Follow The Suffering
While leaving Mormonism I realized the incredible extent to which I was capable of believing things not at all based in reality. Why was I able to accept illusions as unquestionable truth for as long as I did? Because it was an effective treatment for suffering. It didn’t necessarily solve suffering, which isn’t really possible, but the illusions provided a believable-enough narrative around suffering to make them liveable and provided me a way to focus my attention on other things besides suffering so I could be productive. The narrative began to collapse when new evidence cast doubt on the legitimacy of the narrative’s truth claims. At the same time the amount of suffering I felt began to be too much for the narrative to explain away. So, my belief system fell to pieces.
Since then I’ve embarked on the (never-ending) quest for a new belief system. Starting out I wanted to discover and dismantle other unhelpful beliefs that cause me suffering. I began asking the following question: “What else do I accept unquestionably as reality that is just as made up as Mormonism?” The best strategy to peel that onion, that I’m aware of, is to follow the suffering. Glennon Doyle speaks to this in the book Untamed: “It turned out that what I needed most was inside the one place I’d been running from my entire life: pain. Everything I needed to know next was inside the discomfort of now. As I practiced allowing my hard feelings to come and stay as long as they needed to, I got to know myself. The reward for enduring hard feelings was finding my potential, my purpose, and my people.”

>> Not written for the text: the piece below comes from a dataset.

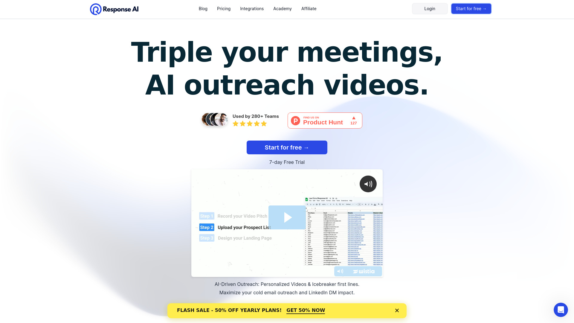 AI tool for personalized video outreach, boosting meetings via cold email and LinkedIn.

Following suffering with the goal to shed all beliefs that are in opposition to reality turned out to be a less optimal goal than I thought. Reality is overrated. As time passed this quote from Steven Weinberg became all too real: "The more the universe seems comprehensible, the more it also seems pointless." Getting closer to reality made me feel depressed until I realized that getting closer to “reality” is not the ideal objective. First of all, unless you’re the Buddah, seeing reality as it is isn’t really an option for the brain. The only thing that can replace a belief is another belief. Even the belief, “it’s all pointless,” is itself a belief. Maybe that belief is a little more accurate, but is it helpful? In this sense the goal of following the suffering isn’t necessarily to make our beliefs more accurate; it’s to make them more functional.

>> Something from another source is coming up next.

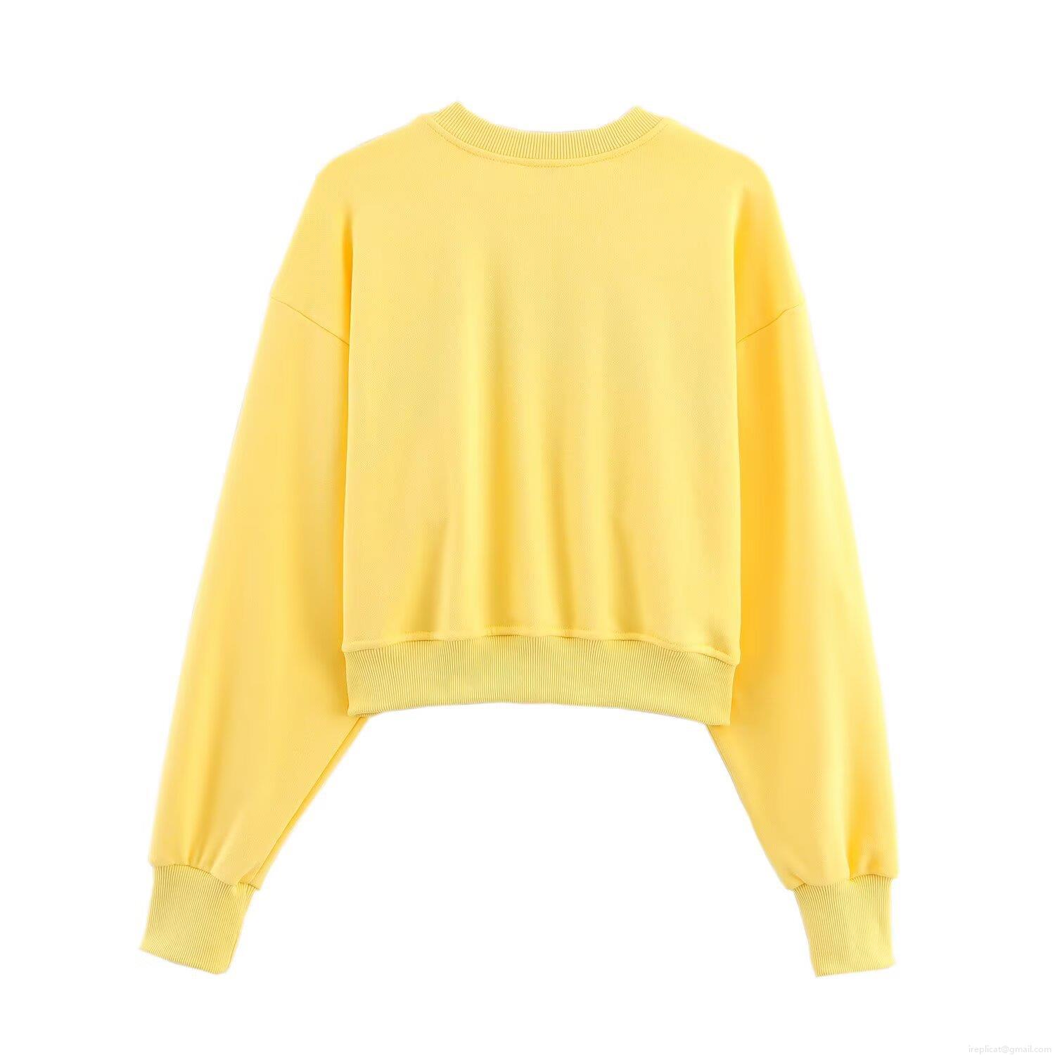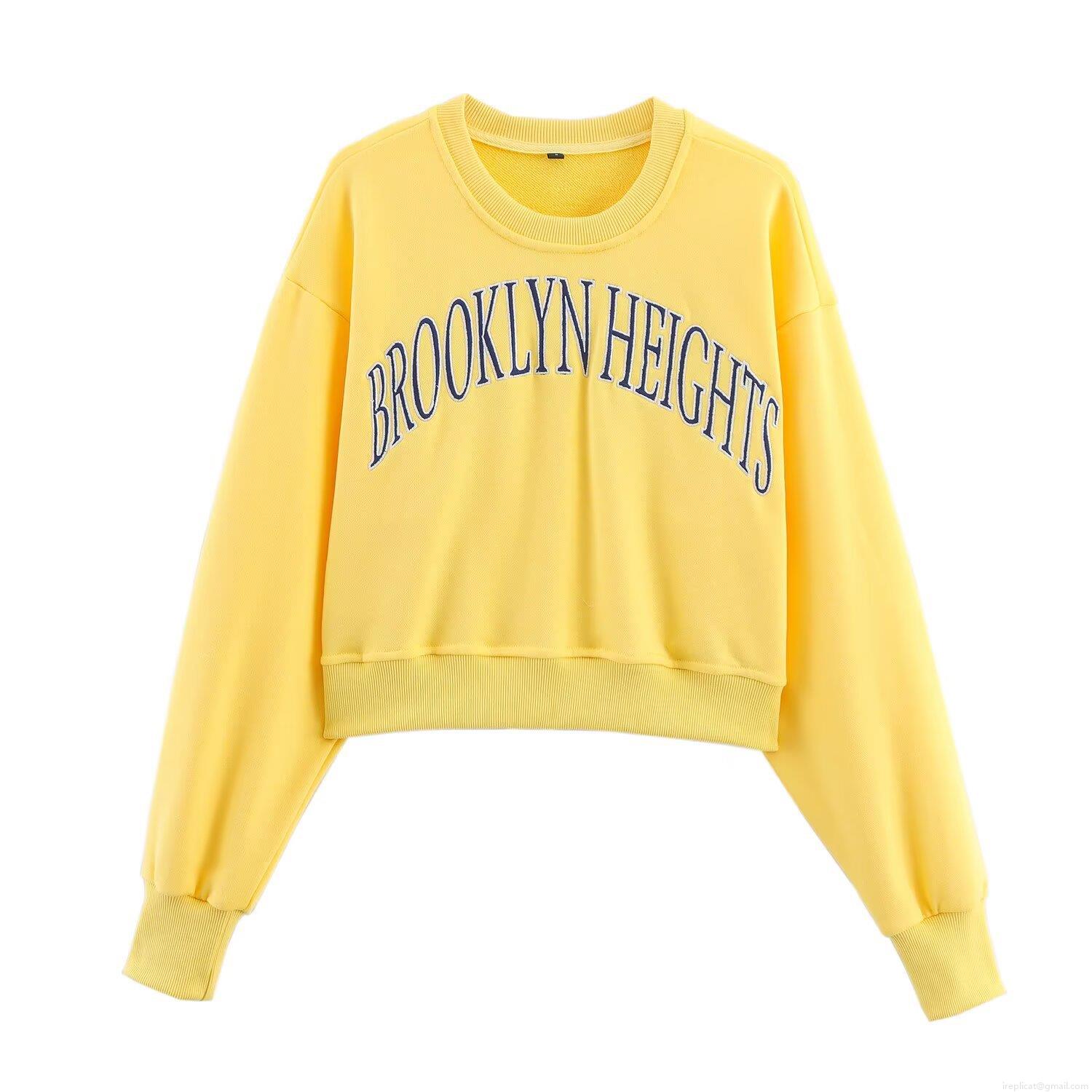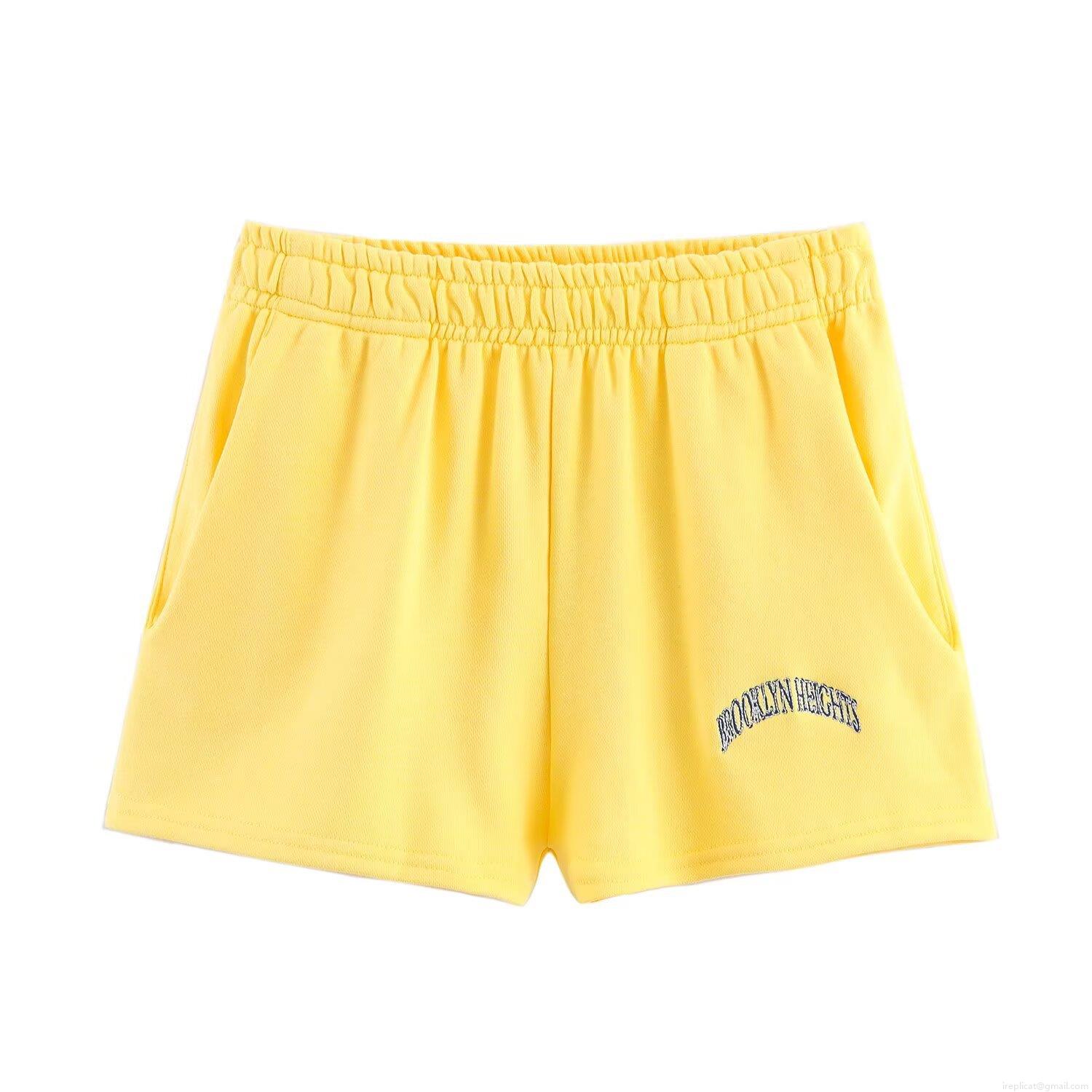• Women's Two Piece Set Brooklyn Heights Embroidery Cotton Blend Long Sleeve Crop Top Sweatshirt And Elastic Waist Shorts Casual Streetwear Sporty Yellow Lounge Wear

The balance between accurate and functional beliefs is a difficult one. In Cognitive Behavioral Therapy, “Automatic Negative Thoughts” (ANTs) or “cognitive distortions” are the unhelpful habitual thought patterns that ‘pop up' or 'flash' in our minds without conscious thought. Thoughts like: 'I'm stupid', 'I should be a better parent', 'No one likes me', 'Things will never get better'. If left unchecked, it's possible that these repeated fleeting thoughts can be mistaken as reality and even be considered helpful.

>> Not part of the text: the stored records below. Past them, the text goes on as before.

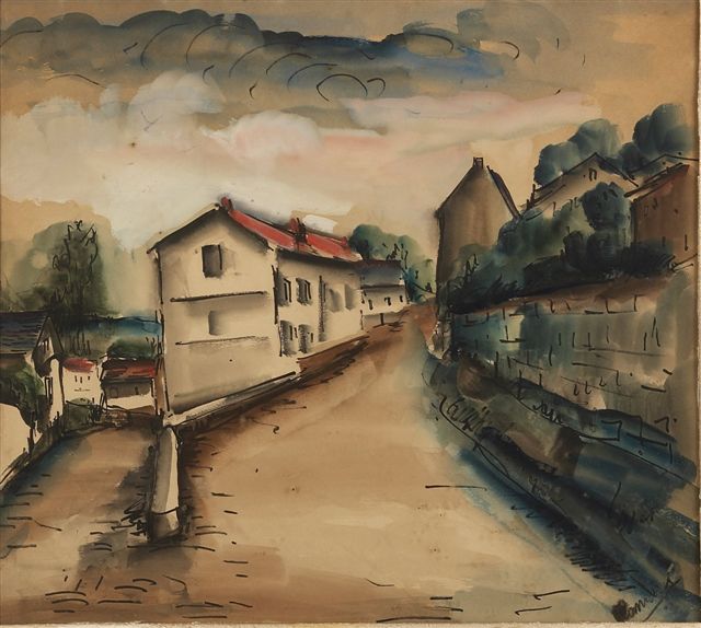 Rue de village. Gouache sur papier marouflée sur carton, signée en bas à droite.
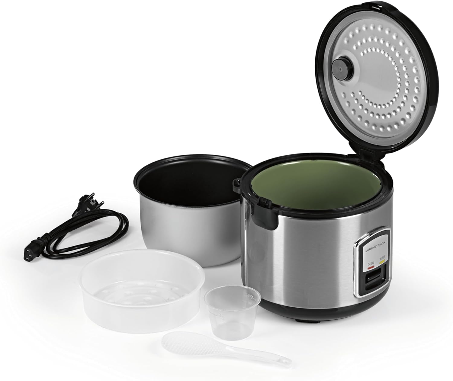 GOURMETmaxx Kompakt-Reiskocher është zgjidhja ideale për përgatitjen e orizit perfekt dhe gatimeve të shëndetshme në mënyrë të thjeshtë dhe të shpejtë. Falë funksionit të gatimit me avull, mund të gatuani njëkohësisht orizin dhe perimet, duke ruajtur vlerat ushqyese dhe shijen natyrale të ushqimit.
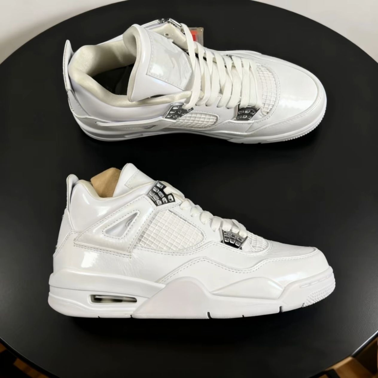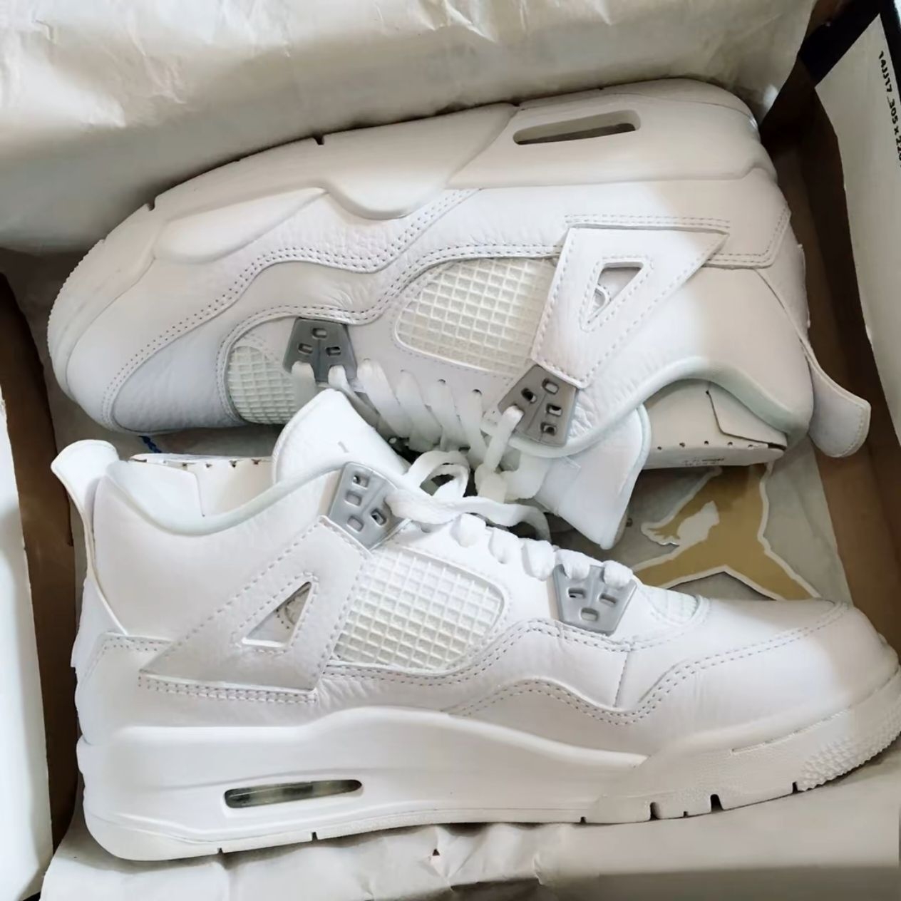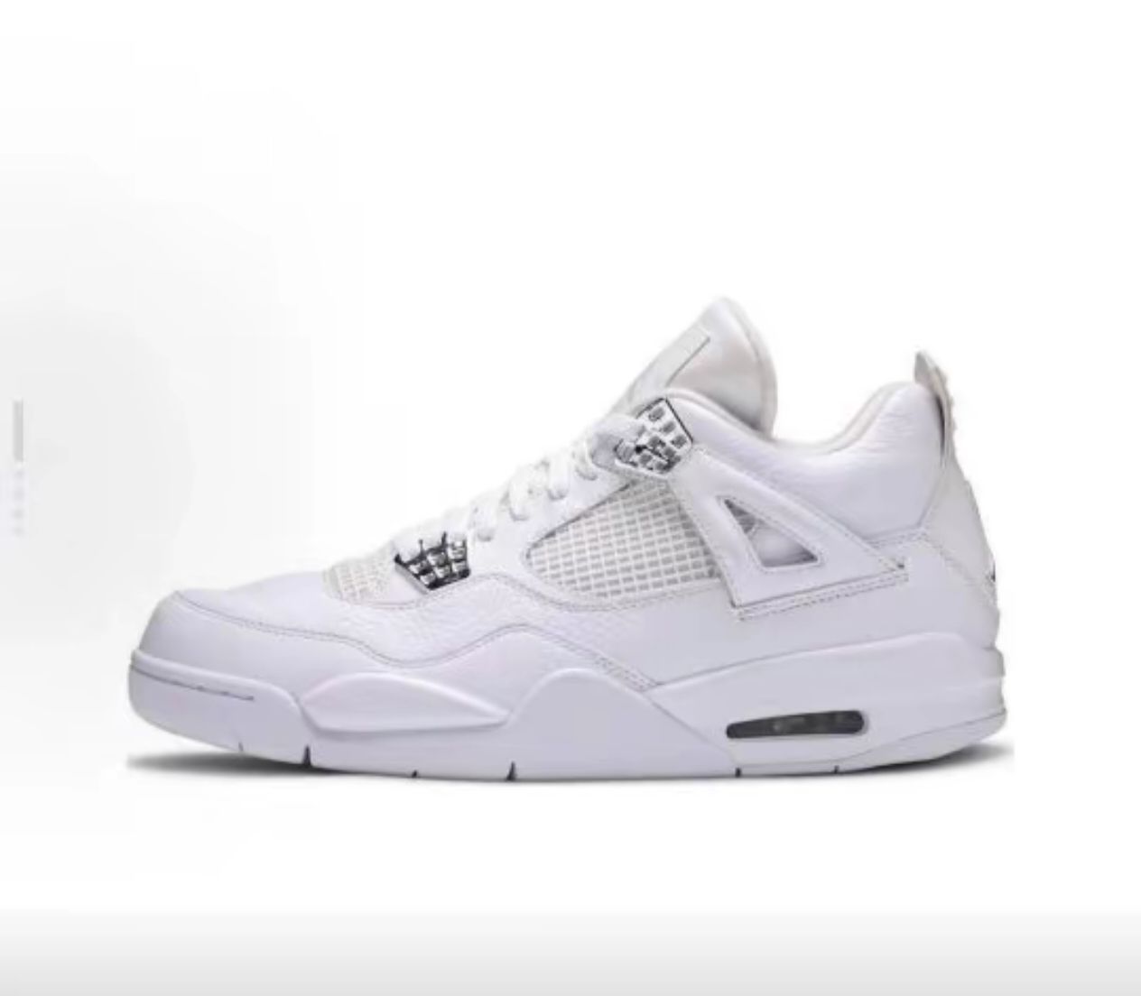纯白AJ4,百搭王者真的藏不住! 谁能拒绝一双全白的Air Jordan 4??极简纯白鞋面把高级感拉满,经典的网格鞋面、塑料鞋扣和后跟飞人标细节在线,利落又有辨识度。 脚感也完全不踩雷,气垫缓震适配日常通勤、逛街,搭配牛仔裤、运动裤甚至休闲西裤都毫无违和感,堪称鞋柜里的“万能选手”。 不管是AJ老粉还是小白,这双纯白AJ4都能轻松拿捏风格,颜值与实穿性双在线,入股不亏!

One solution to these distortions is to take advantage of the healing effects of reality: Counter each automatic thought with a “Rational Response”—the more rational, less upsetting thought that can substitute for the automatic one. Therapists stress that the point isn’t to try to cheer yourself up by rationalizing or saying things you do not believe are valid. Instead, recognize the truth. Is it true you’ll be lonely forever when you’re turned down for a date or are you overgeneralizing? Does that single negative comment made by your partner mean the relationship is hopelessly lost or are you discounting the positives? Does that look on the other person’s face mean they really are disappointed in you or is there a chance you’re not as good of a mind reader as you think?
While “reality-testing” automatic thoughts does introduce opposing beliefs that are more accurate, that accuracy has a limit. Not all accurate beliefs are helpful. It’s at the confluence of accuracy and functionality--a tightrope balance--where beliefs become most useful.
I find Jordan Peterson’s quote helpful in this regard: “The purpose of life is to find a mode of being that is so meaningful that the fact that life is suffering is no longer relevant.” Suffering, like meaning itself, is in the eye of the beholder. To phrase Peterson’s quote another way: the purpose of life is to have a purpose of life. Meaning is an end in itself -- however it’s derived -- and some purposes of life make suffering more tolerable than others. The task of modern life is a constant process of updating and refining our beliefs so that they are the most functional towards making suffering irrelevant. Follow the suffering with this goal in mind: Which beliefs are accurate enough to be functional in fostering the most wholesome, happy, encouraging, uplifting and satisfying life to you and those around you?